(Items from a dataset)
BEGIN

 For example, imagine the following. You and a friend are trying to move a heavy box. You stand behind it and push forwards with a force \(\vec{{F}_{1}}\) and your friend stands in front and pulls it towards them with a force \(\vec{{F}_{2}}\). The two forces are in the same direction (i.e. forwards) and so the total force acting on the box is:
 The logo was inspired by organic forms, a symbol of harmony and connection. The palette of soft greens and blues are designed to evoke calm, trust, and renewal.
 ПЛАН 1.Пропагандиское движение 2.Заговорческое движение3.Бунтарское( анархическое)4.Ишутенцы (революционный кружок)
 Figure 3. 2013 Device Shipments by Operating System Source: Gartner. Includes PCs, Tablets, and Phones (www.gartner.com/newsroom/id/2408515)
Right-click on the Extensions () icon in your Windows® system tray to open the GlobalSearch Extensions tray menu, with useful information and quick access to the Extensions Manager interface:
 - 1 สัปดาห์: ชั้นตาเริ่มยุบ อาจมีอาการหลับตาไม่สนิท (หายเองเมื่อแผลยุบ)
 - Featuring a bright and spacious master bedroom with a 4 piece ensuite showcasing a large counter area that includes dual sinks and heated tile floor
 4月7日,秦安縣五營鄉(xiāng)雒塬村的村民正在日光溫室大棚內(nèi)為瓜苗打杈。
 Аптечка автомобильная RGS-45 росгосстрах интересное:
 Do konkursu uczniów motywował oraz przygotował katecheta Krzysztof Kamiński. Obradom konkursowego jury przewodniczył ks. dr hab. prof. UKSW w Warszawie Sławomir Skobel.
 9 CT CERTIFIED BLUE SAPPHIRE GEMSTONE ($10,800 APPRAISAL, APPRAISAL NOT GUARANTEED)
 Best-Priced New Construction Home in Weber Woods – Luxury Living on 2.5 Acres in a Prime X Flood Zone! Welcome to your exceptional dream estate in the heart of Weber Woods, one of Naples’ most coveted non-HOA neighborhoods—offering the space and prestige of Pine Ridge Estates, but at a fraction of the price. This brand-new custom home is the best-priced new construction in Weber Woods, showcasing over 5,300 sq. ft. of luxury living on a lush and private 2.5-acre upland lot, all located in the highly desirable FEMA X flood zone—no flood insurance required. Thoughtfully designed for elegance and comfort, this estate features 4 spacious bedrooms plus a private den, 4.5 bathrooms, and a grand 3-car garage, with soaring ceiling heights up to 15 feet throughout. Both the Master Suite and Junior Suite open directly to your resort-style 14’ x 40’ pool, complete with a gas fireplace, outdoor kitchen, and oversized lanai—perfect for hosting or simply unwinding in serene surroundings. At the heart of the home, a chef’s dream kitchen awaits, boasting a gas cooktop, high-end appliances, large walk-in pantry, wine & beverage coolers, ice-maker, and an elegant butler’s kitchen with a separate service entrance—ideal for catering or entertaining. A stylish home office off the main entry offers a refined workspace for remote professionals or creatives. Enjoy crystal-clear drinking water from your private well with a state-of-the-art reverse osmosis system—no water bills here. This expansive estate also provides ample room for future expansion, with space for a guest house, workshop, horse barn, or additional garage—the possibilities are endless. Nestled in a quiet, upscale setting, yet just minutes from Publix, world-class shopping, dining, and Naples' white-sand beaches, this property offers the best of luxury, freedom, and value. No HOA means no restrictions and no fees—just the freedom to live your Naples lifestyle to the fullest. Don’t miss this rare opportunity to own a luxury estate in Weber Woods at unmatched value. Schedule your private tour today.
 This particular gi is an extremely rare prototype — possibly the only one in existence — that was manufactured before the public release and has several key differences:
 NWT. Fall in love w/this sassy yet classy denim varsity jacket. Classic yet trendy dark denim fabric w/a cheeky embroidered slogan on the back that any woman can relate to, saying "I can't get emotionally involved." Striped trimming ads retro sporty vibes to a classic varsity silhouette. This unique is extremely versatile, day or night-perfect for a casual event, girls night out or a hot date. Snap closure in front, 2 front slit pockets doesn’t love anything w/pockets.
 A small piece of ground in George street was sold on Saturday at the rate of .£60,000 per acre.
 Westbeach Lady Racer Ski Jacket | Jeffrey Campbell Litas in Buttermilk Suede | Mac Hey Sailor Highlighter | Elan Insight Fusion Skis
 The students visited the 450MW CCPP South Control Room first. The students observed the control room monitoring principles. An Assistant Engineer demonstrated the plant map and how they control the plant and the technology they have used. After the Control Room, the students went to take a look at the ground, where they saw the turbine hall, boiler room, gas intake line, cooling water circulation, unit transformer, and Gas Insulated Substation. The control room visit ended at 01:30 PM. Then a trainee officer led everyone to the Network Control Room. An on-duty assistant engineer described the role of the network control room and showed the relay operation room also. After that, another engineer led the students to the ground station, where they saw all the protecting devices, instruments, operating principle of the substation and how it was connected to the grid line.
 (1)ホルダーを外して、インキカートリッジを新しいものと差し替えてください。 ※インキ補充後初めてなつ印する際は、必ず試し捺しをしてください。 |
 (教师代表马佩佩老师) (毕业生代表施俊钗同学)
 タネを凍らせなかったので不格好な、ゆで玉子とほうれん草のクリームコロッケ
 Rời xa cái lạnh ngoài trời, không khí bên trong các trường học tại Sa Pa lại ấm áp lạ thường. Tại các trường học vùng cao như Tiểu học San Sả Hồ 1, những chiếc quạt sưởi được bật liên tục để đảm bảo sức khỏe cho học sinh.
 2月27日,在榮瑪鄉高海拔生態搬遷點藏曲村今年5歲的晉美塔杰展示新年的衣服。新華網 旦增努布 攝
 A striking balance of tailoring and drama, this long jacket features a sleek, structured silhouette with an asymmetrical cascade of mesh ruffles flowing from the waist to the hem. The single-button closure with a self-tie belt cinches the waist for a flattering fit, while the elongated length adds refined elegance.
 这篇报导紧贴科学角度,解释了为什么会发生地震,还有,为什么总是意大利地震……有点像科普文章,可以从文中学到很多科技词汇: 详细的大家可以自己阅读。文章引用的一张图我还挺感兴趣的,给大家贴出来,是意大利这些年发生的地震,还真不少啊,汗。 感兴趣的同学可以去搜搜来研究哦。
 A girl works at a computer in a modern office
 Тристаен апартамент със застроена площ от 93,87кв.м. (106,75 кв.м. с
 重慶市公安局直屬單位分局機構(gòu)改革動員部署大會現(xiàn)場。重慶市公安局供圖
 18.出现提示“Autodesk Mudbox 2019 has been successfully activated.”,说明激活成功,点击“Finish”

END

#### What is being asked
Please give back, exactly as it stands above, the stretch from the line with "This particular gi" through the line with "Westbeach Lady Racer", and no line outside it.

#### Expected answer
 This particular gi is an extremely rare prototype — possibly the only one in existence — that was manufactured before the public release and has several key differences:
 NWT. Fall in love w/this sassy yet classy denim varsity jacket. Classic yet trendy dark denim fabric w/a cheeky embroidered slogan on the back that any woman can relate to, saying "I can't get emotionally involved." Striped trimming ads retro sporty vibes to a classic varsity silhouette. This unique is extremely versatile, day or night-perfect for a casual event, girls night out or a hot date. Snap closure in front, 2 front slit pockets doesn’t love anything w/pockets.
 A small piece of ground in George street was sold on Saturday at the rate of .£60,000 per acre.
 Westbeach Lady Racer Ski Jacket | Jeffrey Campbell Litas in Buttermilk Suede | Mac Hey Sailor Highlighter | Elan Insight Fusion Skis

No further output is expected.